§ THE TASK
Dropping every picture, set down exactly the lines in the entries below, starting with the line with "This paper studies" and going on through the line with "一碟贝。粉丝蒸扇贝,多么传统".
___ EXTRACTED DATA ___
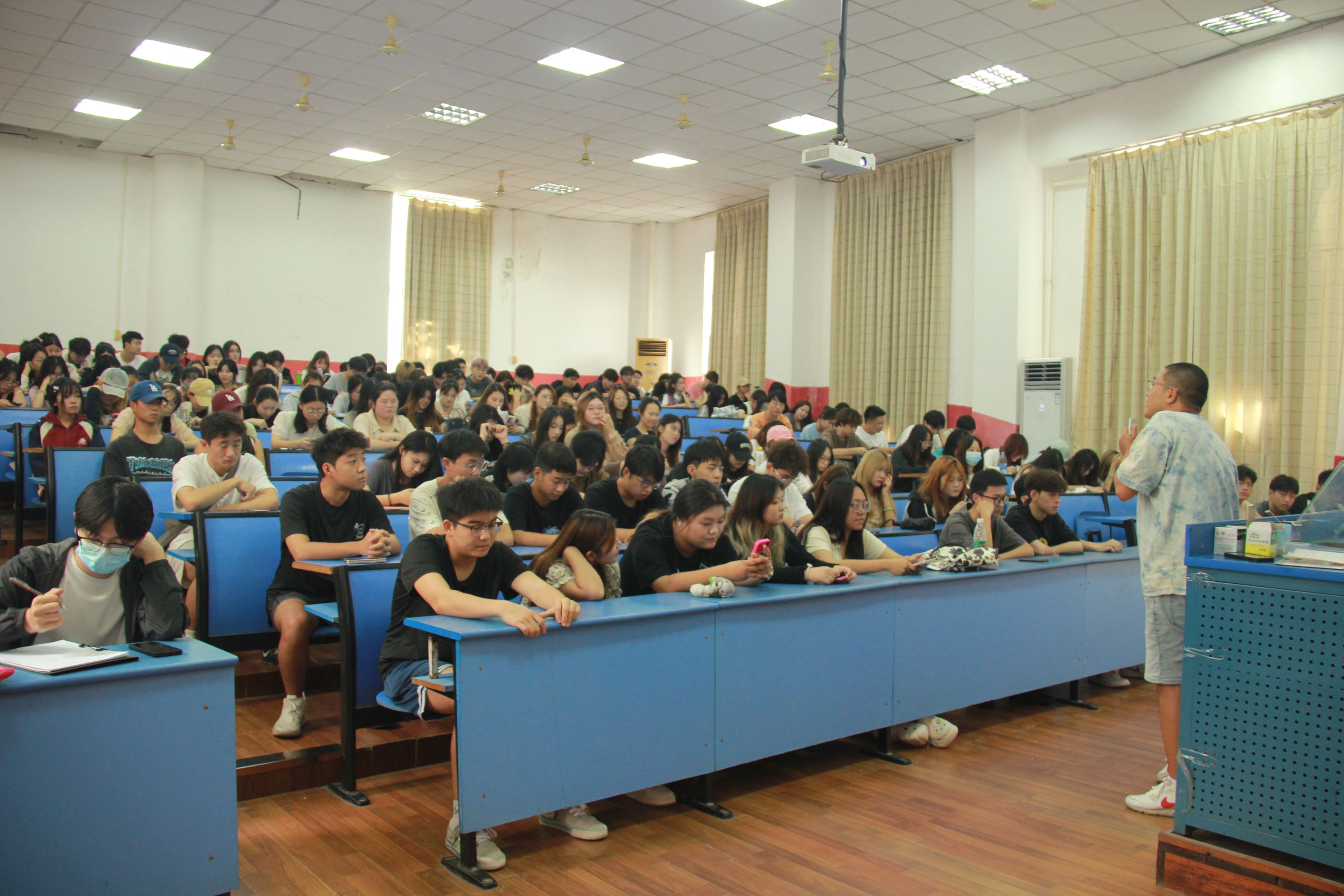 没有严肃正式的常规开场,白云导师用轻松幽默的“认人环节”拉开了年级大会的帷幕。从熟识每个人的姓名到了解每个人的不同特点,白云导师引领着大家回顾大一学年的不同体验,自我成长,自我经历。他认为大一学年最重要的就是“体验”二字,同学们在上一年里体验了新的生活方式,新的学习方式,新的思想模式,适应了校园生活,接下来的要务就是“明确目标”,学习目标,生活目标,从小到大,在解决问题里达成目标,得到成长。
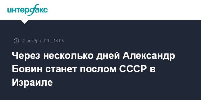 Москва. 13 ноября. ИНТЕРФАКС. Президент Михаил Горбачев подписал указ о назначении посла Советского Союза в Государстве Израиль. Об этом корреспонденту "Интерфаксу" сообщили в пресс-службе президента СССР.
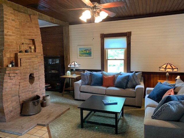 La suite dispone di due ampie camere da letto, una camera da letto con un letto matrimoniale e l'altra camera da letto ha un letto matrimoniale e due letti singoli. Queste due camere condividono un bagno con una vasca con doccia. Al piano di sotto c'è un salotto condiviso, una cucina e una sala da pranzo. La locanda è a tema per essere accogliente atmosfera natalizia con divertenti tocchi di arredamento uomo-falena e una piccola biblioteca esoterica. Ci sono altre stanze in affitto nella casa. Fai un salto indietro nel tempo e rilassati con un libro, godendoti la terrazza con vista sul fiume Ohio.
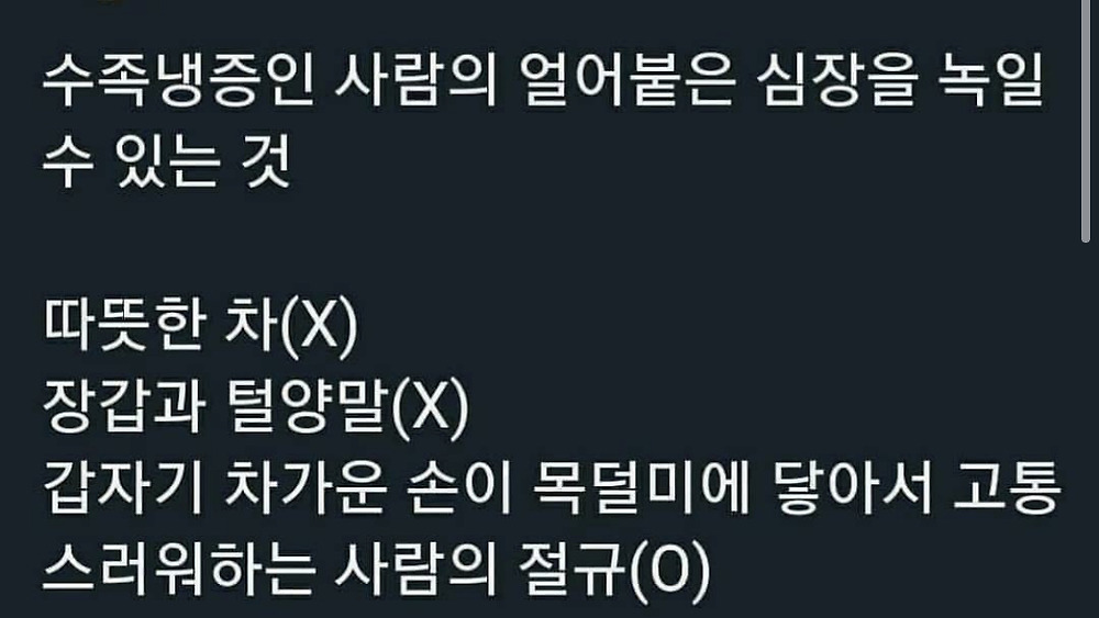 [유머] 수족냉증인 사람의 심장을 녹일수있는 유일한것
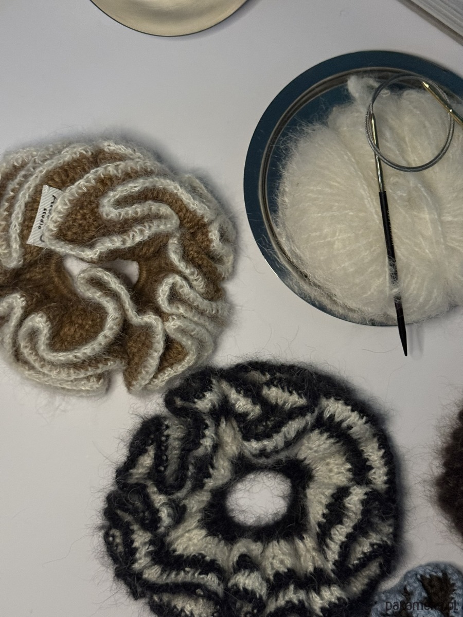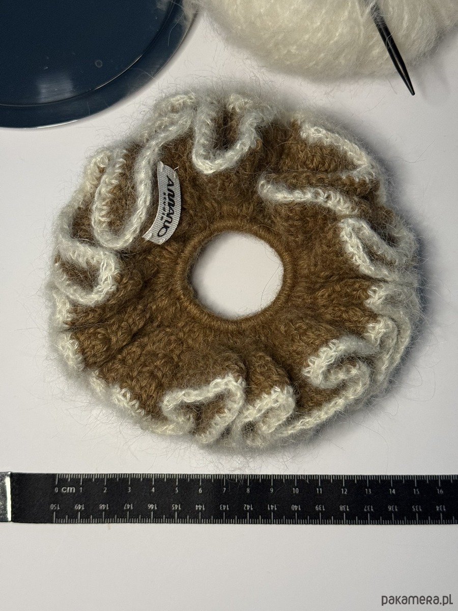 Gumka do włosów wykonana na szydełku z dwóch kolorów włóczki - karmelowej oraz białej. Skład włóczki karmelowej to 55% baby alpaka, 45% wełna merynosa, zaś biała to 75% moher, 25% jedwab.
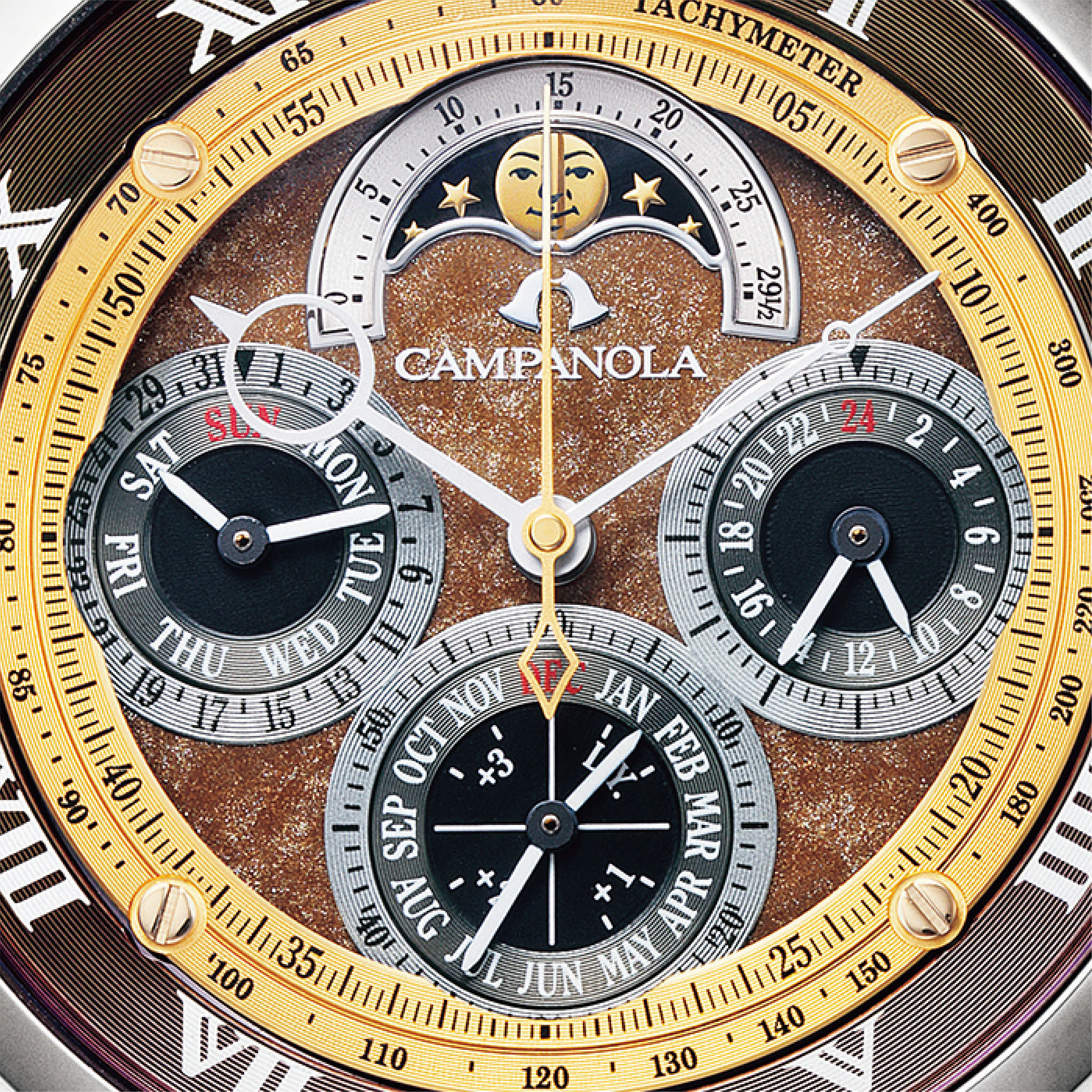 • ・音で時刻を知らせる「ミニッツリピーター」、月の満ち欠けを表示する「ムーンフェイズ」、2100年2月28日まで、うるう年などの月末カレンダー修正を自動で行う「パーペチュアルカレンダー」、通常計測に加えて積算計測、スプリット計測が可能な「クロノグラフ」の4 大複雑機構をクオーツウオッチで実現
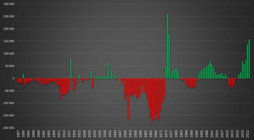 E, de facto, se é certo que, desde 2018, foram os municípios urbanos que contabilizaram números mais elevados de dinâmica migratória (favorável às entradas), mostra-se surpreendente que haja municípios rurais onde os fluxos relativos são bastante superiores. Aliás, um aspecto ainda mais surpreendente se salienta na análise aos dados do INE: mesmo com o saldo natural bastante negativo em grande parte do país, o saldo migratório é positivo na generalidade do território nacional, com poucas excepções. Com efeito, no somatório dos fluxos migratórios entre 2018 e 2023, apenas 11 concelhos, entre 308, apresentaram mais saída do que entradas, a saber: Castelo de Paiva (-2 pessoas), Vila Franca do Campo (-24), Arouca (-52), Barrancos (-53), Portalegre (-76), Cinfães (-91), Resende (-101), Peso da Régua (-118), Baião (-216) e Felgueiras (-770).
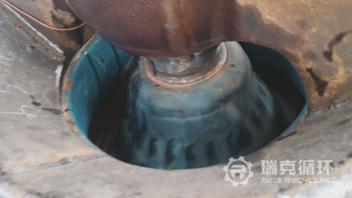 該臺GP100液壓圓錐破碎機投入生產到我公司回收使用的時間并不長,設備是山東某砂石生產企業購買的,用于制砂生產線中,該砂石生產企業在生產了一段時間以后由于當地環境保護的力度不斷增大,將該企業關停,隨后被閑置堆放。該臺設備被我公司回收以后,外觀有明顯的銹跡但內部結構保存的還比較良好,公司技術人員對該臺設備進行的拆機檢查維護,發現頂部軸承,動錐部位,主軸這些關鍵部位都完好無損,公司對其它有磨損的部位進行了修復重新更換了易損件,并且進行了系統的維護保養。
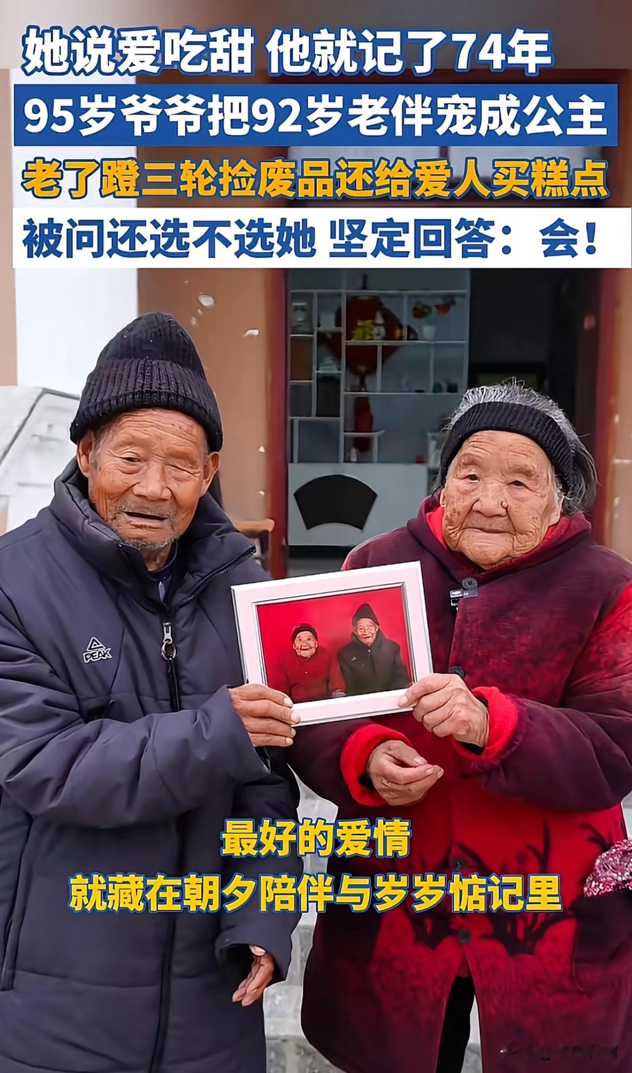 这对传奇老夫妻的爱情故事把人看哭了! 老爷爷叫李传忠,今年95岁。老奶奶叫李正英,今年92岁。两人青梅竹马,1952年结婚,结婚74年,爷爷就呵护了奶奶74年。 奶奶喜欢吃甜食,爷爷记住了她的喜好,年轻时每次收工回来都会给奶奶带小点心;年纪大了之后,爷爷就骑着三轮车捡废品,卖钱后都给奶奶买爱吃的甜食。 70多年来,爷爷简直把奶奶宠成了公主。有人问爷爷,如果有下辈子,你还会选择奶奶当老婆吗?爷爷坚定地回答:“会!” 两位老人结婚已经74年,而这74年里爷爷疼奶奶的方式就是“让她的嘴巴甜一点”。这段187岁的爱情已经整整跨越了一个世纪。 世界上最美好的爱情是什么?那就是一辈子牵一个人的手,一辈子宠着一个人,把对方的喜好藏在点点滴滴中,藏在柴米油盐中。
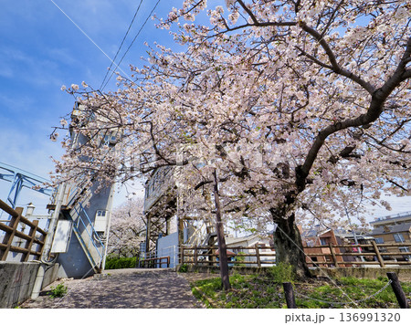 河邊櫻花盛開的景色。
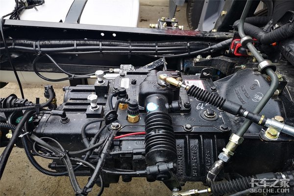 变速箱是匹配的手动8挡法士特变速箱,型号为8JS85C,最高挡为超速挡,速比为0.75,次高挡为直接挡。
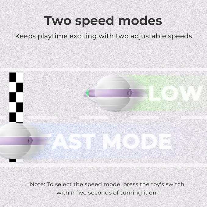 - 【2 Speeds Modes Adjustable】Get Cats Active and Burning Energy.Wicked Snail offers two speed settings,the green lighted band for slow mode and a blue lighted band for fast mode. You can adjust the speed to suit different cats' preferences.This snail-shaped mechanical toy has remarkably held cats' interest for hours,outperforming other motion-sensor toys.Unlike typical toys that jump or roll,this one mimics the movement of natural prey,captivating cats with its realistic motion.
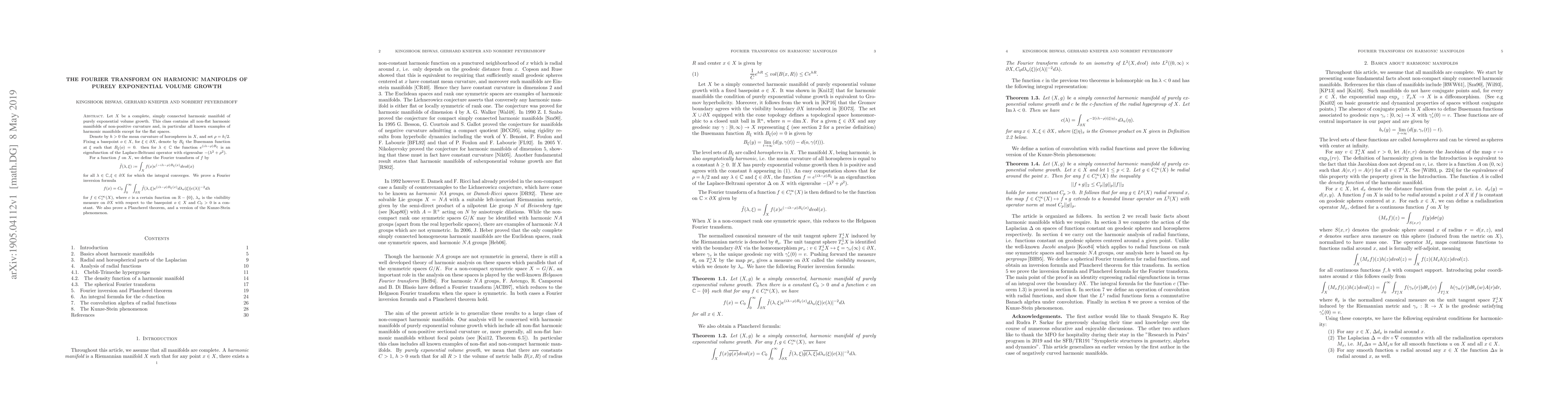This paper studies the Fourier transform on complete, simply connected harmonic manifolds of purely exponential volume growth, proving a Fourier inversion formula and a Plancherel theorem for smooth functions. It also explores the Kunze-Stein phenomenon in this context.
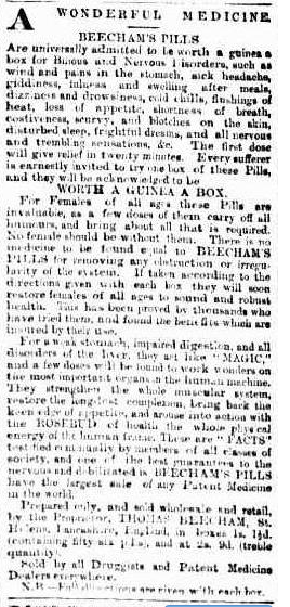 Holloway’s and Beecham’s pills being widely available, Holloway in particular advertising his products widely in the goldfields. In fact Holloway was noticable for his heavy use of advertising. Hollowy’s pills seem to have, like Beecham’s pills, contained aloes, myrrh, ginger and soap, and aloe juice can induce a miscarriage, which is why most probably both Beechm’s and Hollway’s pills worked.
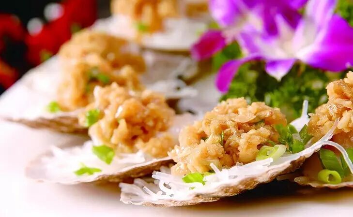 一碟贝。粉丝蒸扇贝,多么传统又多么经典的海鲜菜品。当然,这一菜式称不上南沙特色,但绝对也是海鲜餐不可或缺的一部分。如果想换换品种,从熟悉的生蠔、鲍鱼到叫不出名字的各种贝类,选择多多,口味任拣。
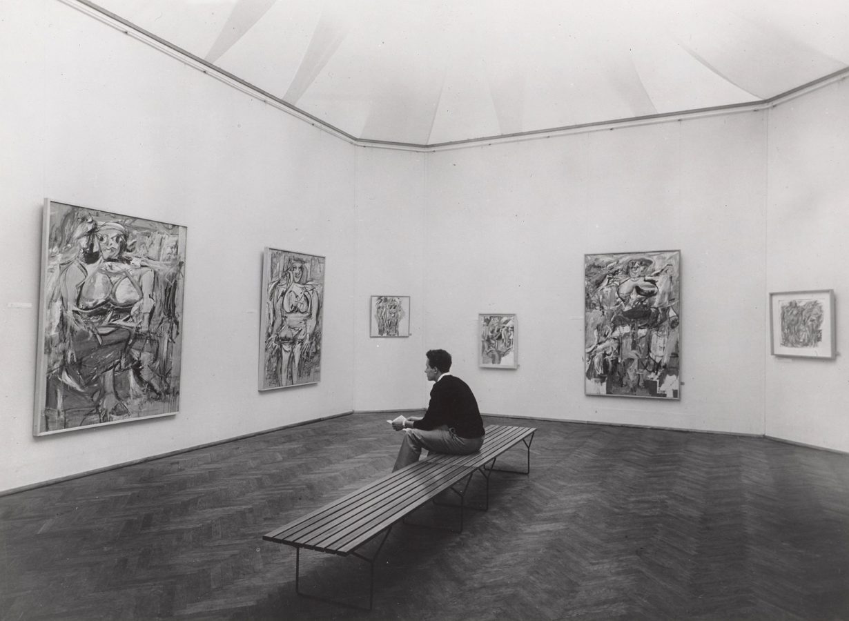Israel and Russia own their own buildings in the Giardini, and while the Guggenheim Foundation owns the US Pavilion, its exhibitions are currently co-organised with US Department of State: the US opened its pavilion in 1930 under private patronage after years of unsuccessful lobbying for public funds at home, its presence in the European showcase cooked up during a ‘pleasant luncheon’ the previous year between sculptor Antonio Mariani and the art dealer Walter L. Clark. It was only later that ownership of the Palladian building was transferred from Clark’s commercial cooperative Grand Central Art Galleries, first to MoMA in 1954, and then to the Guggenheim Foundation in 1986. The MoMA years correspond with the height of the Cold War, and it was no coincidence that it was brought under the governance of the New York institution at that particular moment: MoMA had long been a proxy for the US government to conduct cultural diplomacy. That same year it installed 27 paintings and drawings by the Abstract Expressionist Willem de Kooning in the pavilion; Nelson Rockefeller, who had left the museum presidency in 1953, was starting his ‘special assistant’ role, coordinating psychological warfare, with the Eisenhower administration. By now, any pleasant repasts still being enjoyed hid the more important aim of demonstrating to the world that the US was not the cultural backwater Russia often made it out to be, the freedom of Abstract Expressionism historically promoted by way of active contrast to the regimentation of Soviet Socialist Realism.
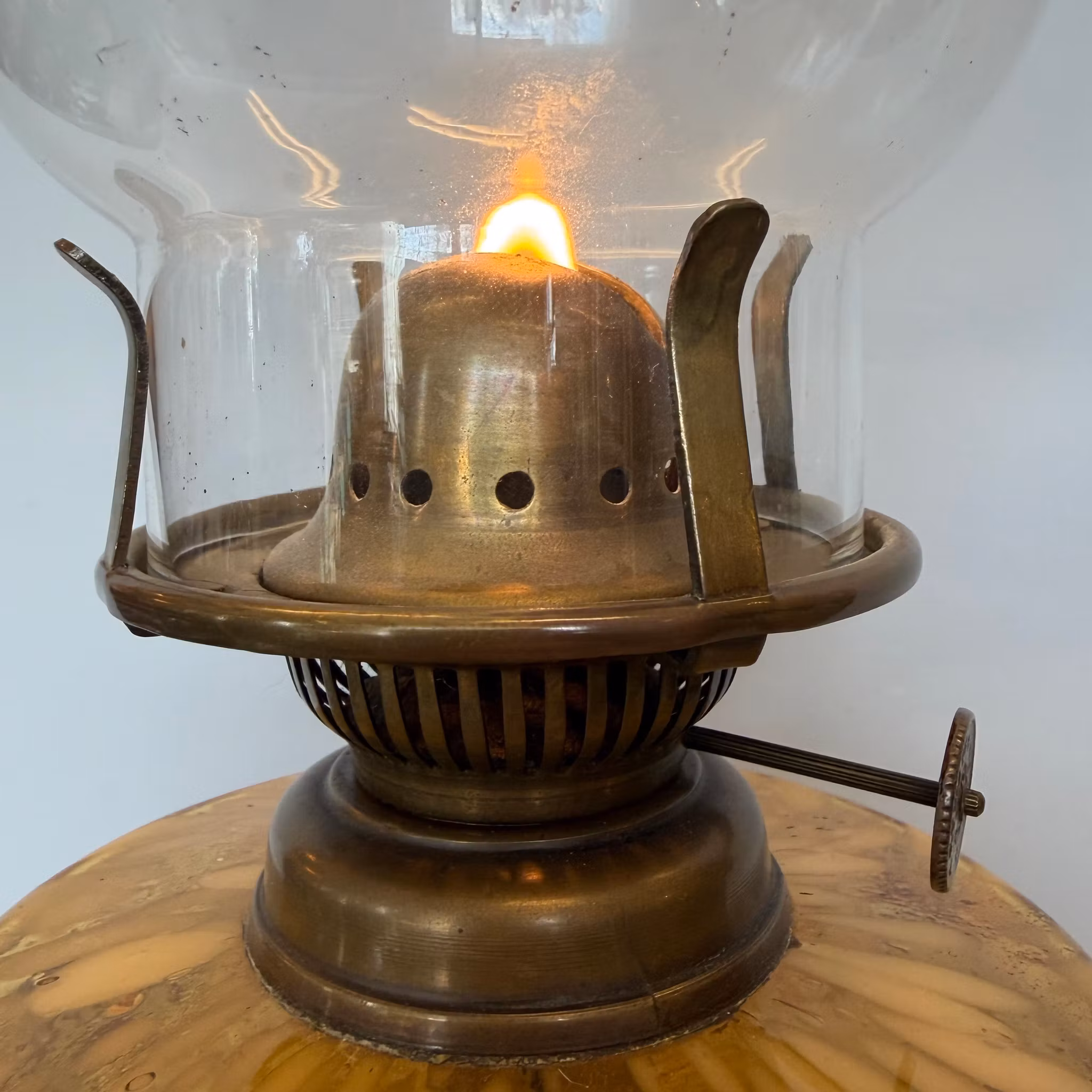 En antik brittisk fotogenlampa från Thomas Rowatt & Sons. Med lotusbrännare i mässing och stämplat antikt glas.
___
§ TASK SOLUTION
This paper studies the Fourier transform on complete, simply connected harmonic manifolds of purely exponential volume growth, proving a Fourier inversion formula and a Plancherel theorem for smooth functions. It also explores the Kunze-Stein phenomenon in this context.
 Holloway’s and Beecham’s pills being widely available, Holloway in particular advertising his products widely in the goldfields. In fact Holloway was noticable for his heavy use of advertising. Hollowy’s pills seem to have, like Beecham’s pills, contained aloes, myrrh, ginger and soap, and aloe juice can induce a miscarriage, which is why most probably both Beechm’s and Hollway’s pills worked.
 一碟贝。粉丝蒸扇贝,多么传统又多么经典的海鲜菜品。当然,这一菜式称不上南沙特色,但绝对也是海鲜餐不可或缺的一部分。如果想换换品种,从熟悉的生蠔、鲍鱼到叫不出名字的各种贝类,选择多多,口味任拣。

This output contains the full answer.